I did not have children in 2001. If something like that happened today, I have no idea how I would explain it to Lucy and Finn. It was hard enough trying to explain the anniversary. Lucy kept asking why everyone’s houses looked like they were “decorated for the 4th of July.” She asked if we could go buy a big flag for our house too, so we did.
One of the shows I watched was “9/11: The Way it Happened” on MSNBC. The 2-hour show was the actual NBC broadcast from that morning, as it unfolded. It was surreal, because I was watching NBC that morning in 2001 and it was strange to re-watch it with all of the hindsight I have now. Cody and I both remarked on how composed and insightful Tom Brokaw appeared. He grasped almost immediately the way this event would change America. He talked about how we would no longer travel the same way or feel the same freedoms. He knew—with the foresight that likely only comes with having lived through other world-changing events—that our way of live would change forever.
Sunday morning, I read an essay Brokaw wrote in Parade. He talked about how he fought to keep his emotions in check, but couldn’t go on at one point. He wrote:
“I was doing relatively fine until later that day when a survivor from one of the towers began to describe his colleagues in wheelchairs who never made it out. I couldn’t stand the thought of those poor souls trapped by their paralysis, waiting for an elevator that never came. I choked up and passed our news coverage to another correspondent who carried on until I regained my composure.”

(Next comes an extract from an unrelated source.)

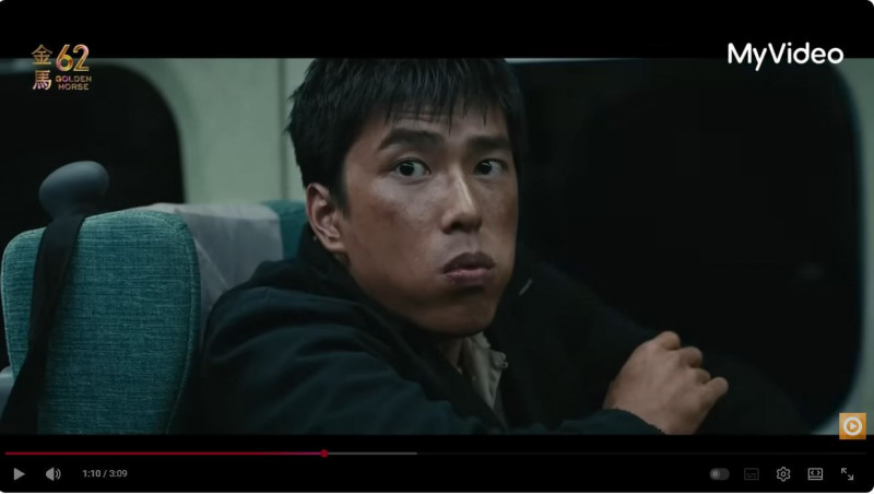 曾敬驊以在「大濛」中滿臉泥沙,外型黝黑的造型出現在金馬獎開場影片中。(圖片擷取自MyVideo金馬線上直播)

I suppose even the most poised among us was no match for the gravity of that day.
During the show, Cody and I talked a lot about that morning. We both marveled at the fact that we went to work. We watched two planes hit the towers and another hit the Pentagon, and yet still headed off to work. How naïve we were then. Of course, once we arrived, our offices shut down and we headed back home—and watched hours and hours of the grim coverage.
The ceremony Sunday morning at Ground Zero was a perfect way to mark the occasion. Paul Simon singing “The Sounds of Silence” was riveting. I’ll never forget it.
Did you do anything to mark the day? Did those of you with young children even try to explain it to them?